Пока что не найдено выдающегося гена или набора генов, характерного для деревьев, как и какого-то определённого свойства генов. Сложность? Нет: дупликация генов (которую часто используют как признак сложности) присутствует по всему царству растений. Размер генома? Нет: самые крупные и самые мелкие по размеру геномы встречаются у травянистых растений (Paris japonica и Genlisea tuberosa соответственно – первое представляет собой эффектное растение с белыми цветами, а второе – крохотного хищника, который ловит и есть простейших).
Беседа с Ниалом подтвердила, что древовидность, вероятно, больше зависит от того, какие гены включены, чем от того, какие гены присутствуют в геноме. «С точки зрения генома, у деревьев, в общем-то, есть практически всё то же самое, что и у трав, — сказал он. – Деревья большие, имеют древесину, могут добывать воду из земли и доставлять её высоко.
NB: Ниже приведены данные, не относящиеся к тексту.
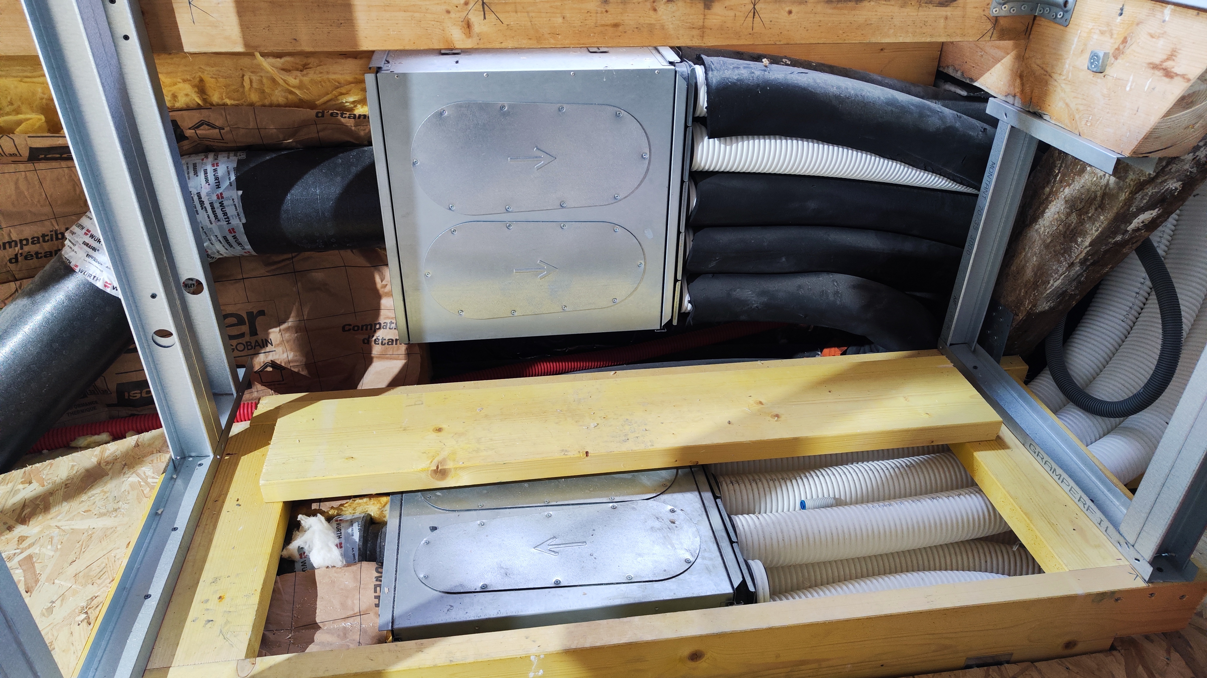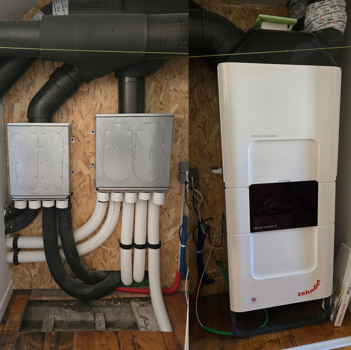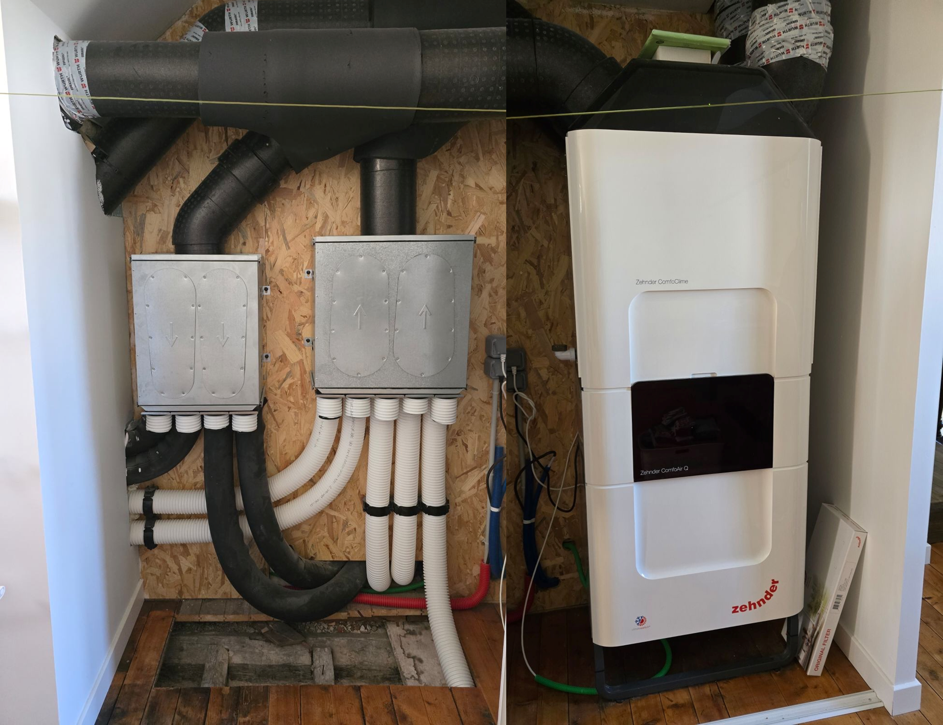 Pour répondre à ces exigences, une solution technique particulièrement bien adaptée a été mise en œuvre. Le système de ventilation double flux Zehnder ComfoAir Q 600 s’est imposé comme une évidence. Il assure un renouvellement continu de l’air tout en garantissant une excellente qualité de filtration. Ce dispositif a été couplé à une pompe à chaleur monobloc Zehnder ComfoClime 36, intégrée directement à la ventilation, permettant de rafraîchir les pièces de manière naturelle et efficace pendant l’été.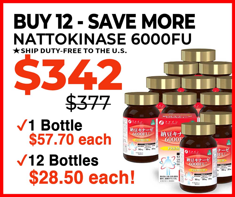 Nattokinase 6000FU – 12 Bottles -Shipping duty-free to the U.S.

Но не видно никакой особенной биологии, которая бы отделяла дерево от травы».
Но, несмотря на трудности классификации, у принадлежности к деревьям есть неоспоримые преимущества. Это позволяет растениям пользоваться высотой, где они могут поглощать солнечный свет и распространять пыльцу и семена, не подвергаясь таким препятствиям, какие испытывают их родственники, растущие близко от земли. Поэтому, возможно пора начать думать о слове «дерево», как о глаголе, а не как о существительном – «деревить» или «деревянить». Это стратегия, способ существования, вроде плавания или полётов, хотя с нашей точки зрения, он и происходит очень медленно. «Деревить» без определённой финишной черты – пока топор, паразит или молния Дня благодарения не уничтожит тебя.